Carbon Trading Price Prediction of Three Carbon Trading Markets in China Based on a Hybrid Model Combining CEEMDAN, SE, ISSA, and MKELM

Abstract

Carbon trading has been deemed as the most effective mechanism to mitigate carbon emissions. However, during carbon trading market operation, competition among market participants will inevitably occur; hence, the precise forecasting of the carbon trading price (CTP) has become a significant element in the formulation of competition strategies. This investigation has established a hybrid CTP forecasting framework combining complete ensemble empirical mode decomposition with adaptive noise (CEEMDAN), sample entropy (SE) method, improved salp swarm algorithm (ISSA), and multi-kernel extreme learning machine (MKELM) methods to improve forecasting accuracy.
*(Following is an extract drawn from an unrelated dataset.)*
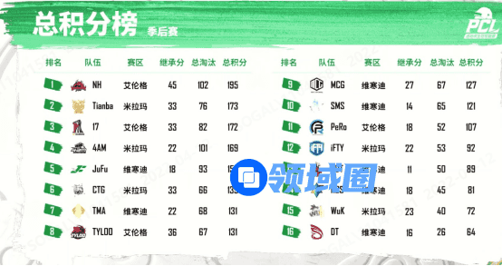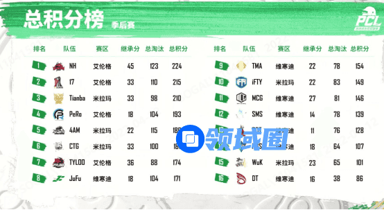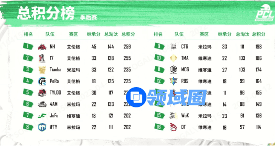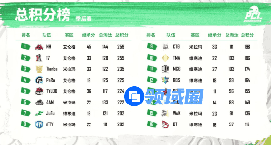 最终,NH战队以259总积分的微弱差距,领先17战队4分拿下季后赛冠军,同时NH战队也展现出了及其恐怖的统治力,以高达144的淘汰数一骑绝尘;17战队后来居上以128个淘汰数、255分位居第二;备受关注的Tianba战队也以122个淘汰数、255分拿到季后赛季军。此外,季后赛表现亮眼的PeRo战队和常规赛豪强TYLOO战队也名列前茅。

Firstly, the initial CTP data sequence is disintegrated into several intrinsic mode functions (IMFs) and a residual sequence by a CEEMDAN method. Secondly, to save calculation time, SE method has been utilized to reconstruct the IMFs and the residual sequence into new IMFs. Thirdly, the new IMFs are fed into the MKELM model, combing RBF and the poly kernel functions to utilize their superior learning and generalization abilities. The parameters of the MKELM model are optimized by ISSA, combining dynamic inertia weight and chaotic local searching method into the SSA to enhance the searching speed, convergence precision, as well as the global searching ability. CTP data in Guangdong, Shanghai, and Hubei are selected to prove the validity of the established CEEMDAN-SE-ISSA-MKELM model. Through a comparison analysis, the established CEEMDAN-SE-ISSA-MKELM model performs the best with the smallest MAPE and RMSE values and the highest R2 value, which are 0.76%, 0.53, and 0.99, respectively, for Guangdong,. Thus, the presented model would be extensively applied in CTP forecasting in the future.